---- EXCERPTED RECORDS

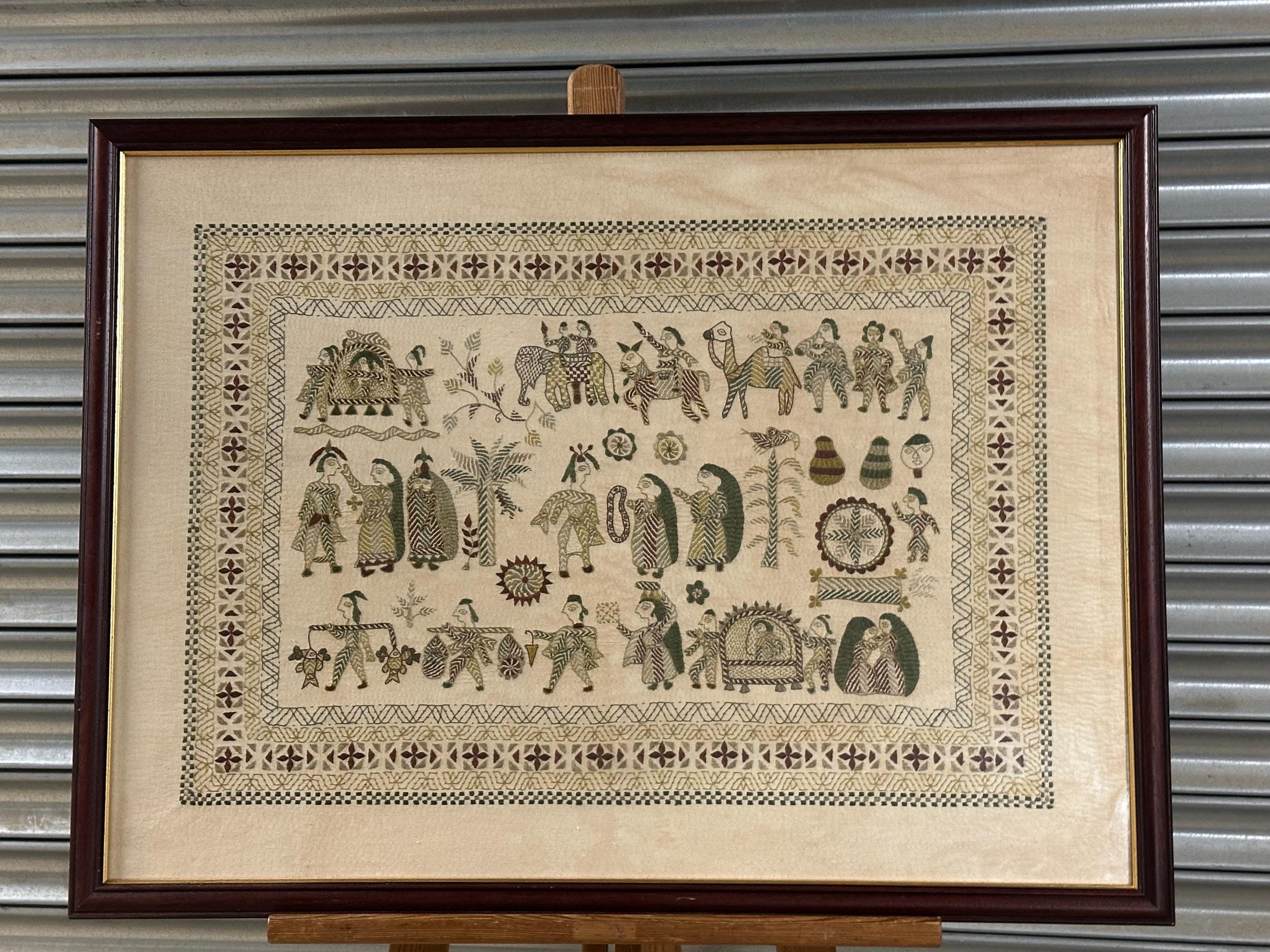 This delightful textile artwork would make a lovely statement piece for a country cottage, boho interior, or eclectic gallery wall — equally appealing to collectors of vintage textiles or folk art.
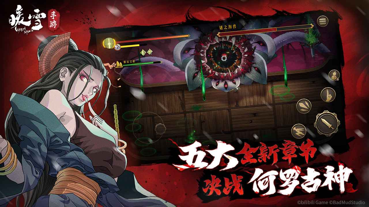 作为一款肉鸽游戏,游戏选择以传统东方元素为设计灵感,并未疏于对故事的打磨,开场动画、不时出现的 NPC、场景设计也时刻围绕着这个世界观展开。虽说文本量和叙述确实不如《哈迪斯》般庞大深刻,但胜在剧情单刀直入不做谜语人,一开场就交代了世界观和 boss 们,给玩家非常明确的目标:踏上旅途,战胜“四大家族”,寻找天降“暖雪”背后的真相。
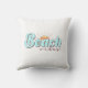 Featuring the words "Beach vibes" in sky blue bubble letters with a dark brown outline or shadow, this pillow captures the fun and playful spirit of the beach. The word "vibes" is written in lowercase dark brown cursive, adding a touch of elegance to the design.
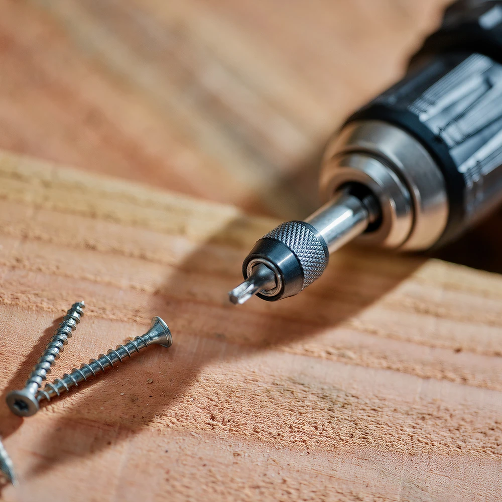 Универсальный патрон обеспечивает быструю замену насадок и бит
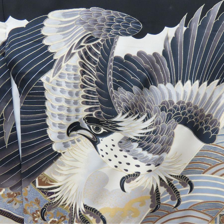 | サイズ | サイズ 袖丈:約 55.5cm 裄丈:約 47.5cm 肩身丈:約97cm 前幅:約15cm 後幅:約16.5cm 図柄:鷹 |
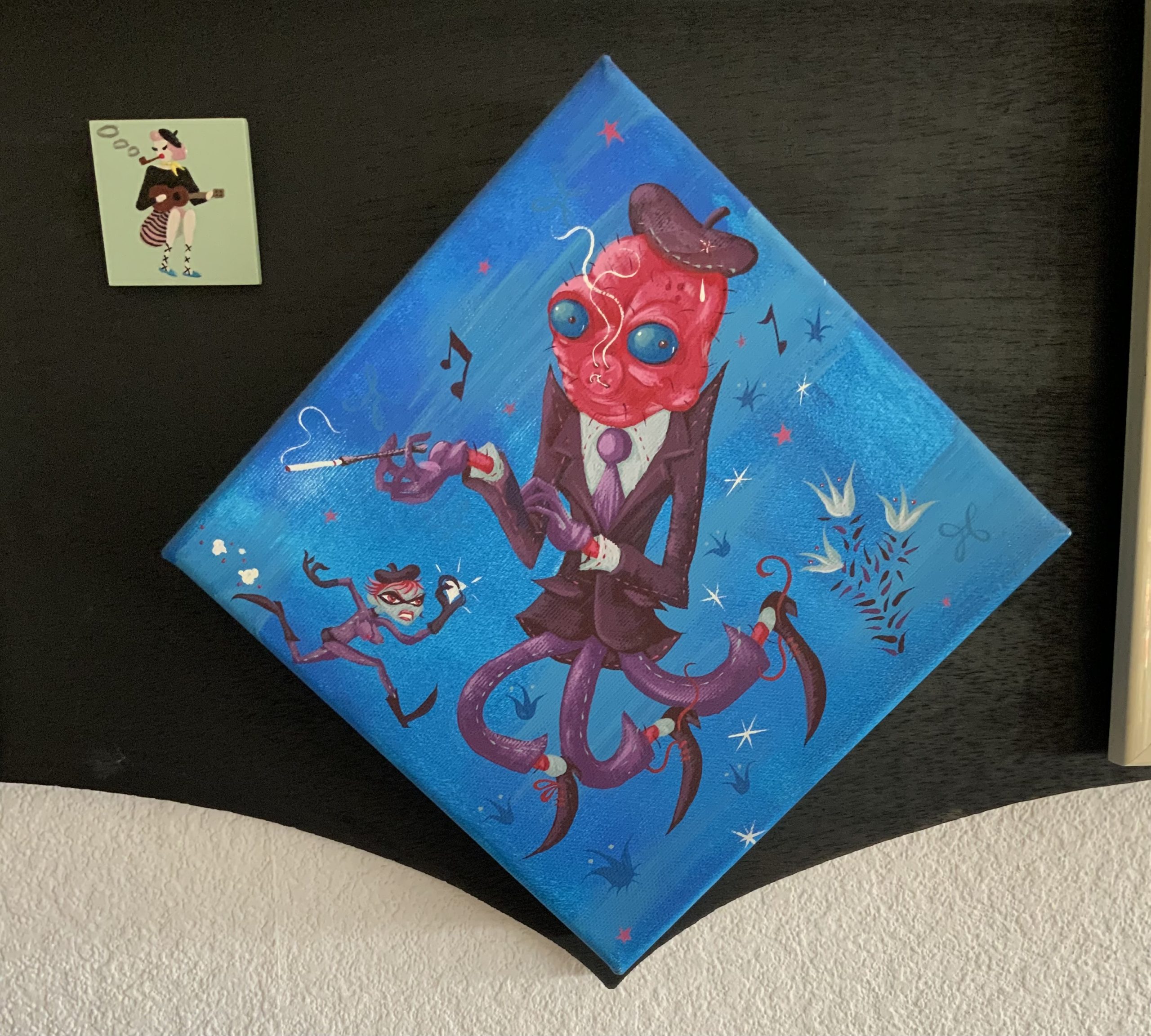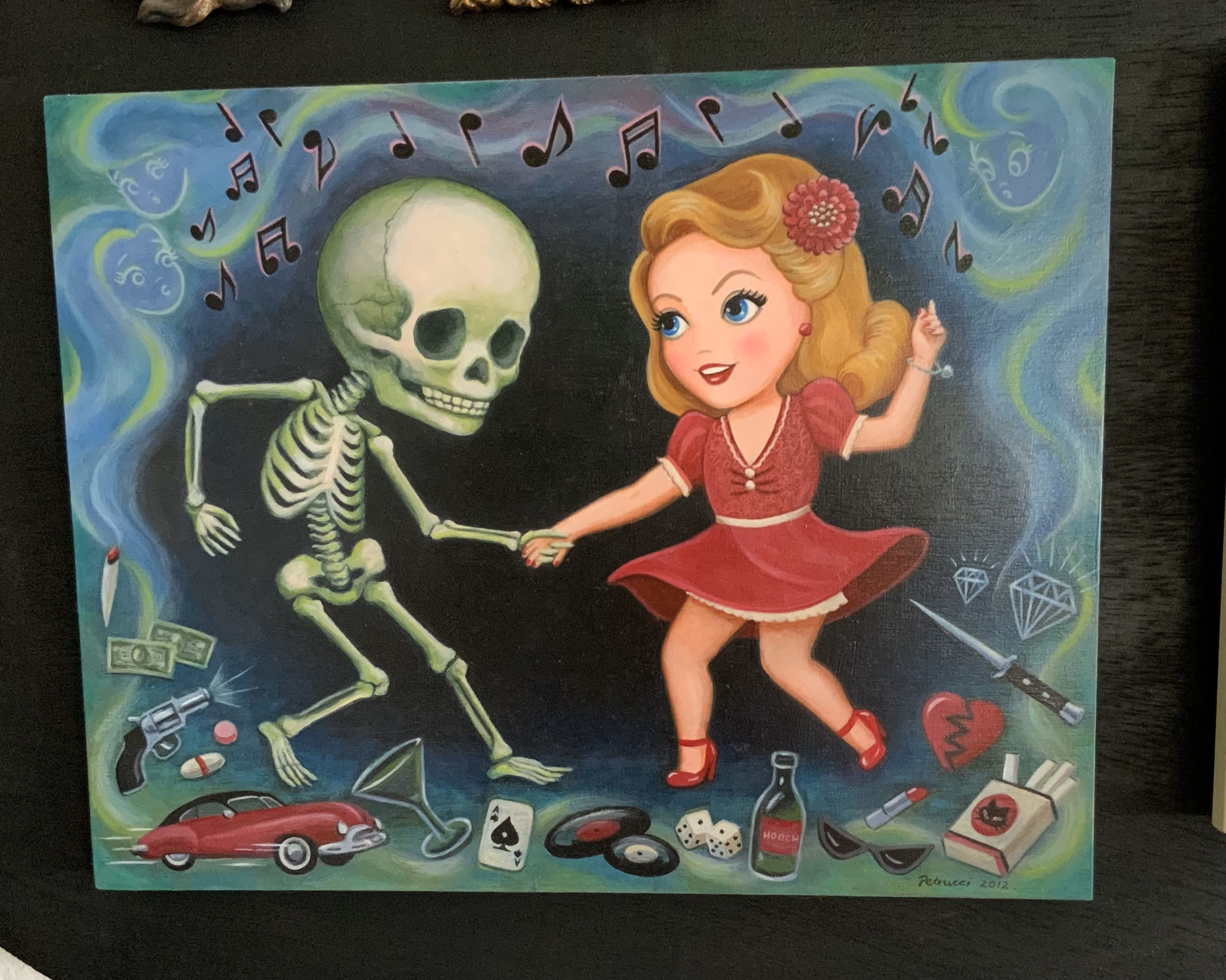 My subsequent purchase, a painting by my friend Lisa Petrucci, similarly filled me with apprehension. After patiently waiting for the right piece, I seized the opportunity when This piece of a girl dancing with a skeleton, that I thought I had missed out on, resurfaced at La Luz de Jesus gallery. Though another seemingly extravagant expense, owning what I consider her finest work brings unparalleled fulfillment. Also, knowing I’ve bolstered her artistic endeavors.

--------

EXERCISE DIRECTIONS:
Copy the material exactly as written and leave every picture behind.

FINISHED TASK:
 This delightful textile artwork would make a lovely statement piece for a country cottage, boho interior, or eclectic gallery wall — equally appealing to collectors of vintage textiles or folk art.
 作为一款肉鸽游戏,游戏选择以传统东方元素为设计灵感,并未疏于对故事的打磨,开场动画、不时出现的 NPC、场景设计也时刻围绕着这个世界观展开。虽说文本量和叙述确实不如《哈迪斯》般庞大深刻,但胜在剧情单刀直入不做谜语人,一开场就交代了世界观和 boss 们,给玩家非常明确的目标:踏上旅途,战胜“四大家族”,寻找天降“暖雪”背后的真相。
 Featuring the words "Beach vibes" in sky blue bubble letters with a dark brown outline or shadow, this pillow captures the fun and playful spirit of the beach. The word "vibes" is written in lowercase dark brown cursive, adding a touch of elegance to the design.
 Универсальный патрон обеспечивает быструю замену насадок и бит
 | サイズ | サイズ 袖丈:約 55.5cm 裄丈:約 47.5cm 肩身丈:約97cm 前幅:約15cm 後幅:約16.5cm 図柄:鷹 |
 My subsequent purchase, a painting by my friend Lisa Petrucci, similarly filled me with apprehension. After patiently waiting for the right piece, I seized the opportunity when This piece of a girl dancing with a skeleton, that I thought I had missed out on, resurfaced at La Luz de Jesus gallery. Though another seemingly extravagant expense, owning what I consider her finest work brings unparalleled fulfillment. Also, knowing I’ve bolstered her artistic endeavors.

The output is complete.